31 yıl aradan sonra Başbakan Miçotakis Arnavutluk’a ziyaret gerçekleştirdi ve Kuzey Arnavutluk’taki Yunan asıllılarla görüştü. Bu tarihi ziyaretin önceden hava koşulları nedeniyle ertelenmesi de orada yaşayan Yunan azınlığın sorunları ile bağdaştırıldı.

Arnavutluk’un Yunanistan’la münhasır ekonomik bölge anlaşmasını imzalamasının ardından Anayasa Mahkemesi’nin bunu reddetmesinin arkasında da yine Türkiye’nin olduğu algısı yaratıldı. Kısacası her konuda olduğu gibi burada da yine Türkiye’nin eli olduğu insanların kafalarına sokulmaya çalışıldı.

Bölgeyi ziyaret eden Arnavutluk Başbakanı Yunan bayrağı asılı olduğu gerekesiyle belediye binasına girmedi. İşte bundan sonra da Yunan basınında kıyametler koptu.

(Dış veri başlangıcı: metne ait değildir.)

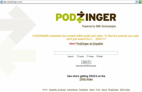 팟징거(podzinger.com)는 자사 사사이트에서 오디오와 비디오 검색 서비스를 제공한다. 물론 파트너들에게 기술도 공급한다. 팟징거는 "전통적인 검색 엔진에서 오디오와 비디오는 사각지대였지만 이제는 아니다"면서 "비디오에서 말을 검색할 수 있는 기술이 이같은 차이를 메웠다"고 설명했다.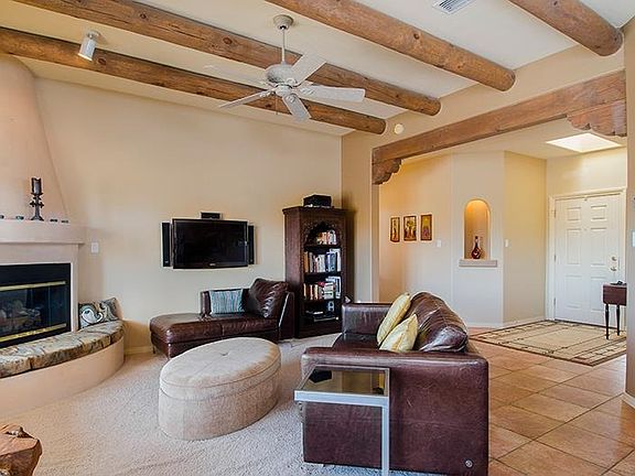 Looking for a quality built turn-key home on the Southside of Santa Fe with a tremendous view? Look no further; presenting a custom built 3 bedroom, 2 full bath single level 1716 sqft home - 20 minutes from the downtown Plaza, minutes away from shopping and restaurants and easy access to I-25 . This home was designed to maximize views that span from the Santa Fe ski mountain to the South West. Built in 2004 and immaculately maintained with vigas & beams, tile & carpeted flooring, 2 car garage and A/C. Welcome Home!

Arnavutluk’taki Yunan azınlığın milli bir azınlık olduğunu ve dolayısıyla da milli sembolleri kullanma haklarının olduğu vurgulandı.

Arnavutluk’taki Yunan azınlığının milli bir azınlık olduğunu sık sık dile getiren ülkemiz Yunanistan, Batı Trakya ‘da Türk Azınlığa gelince neden bu kadar hassas olamıyor?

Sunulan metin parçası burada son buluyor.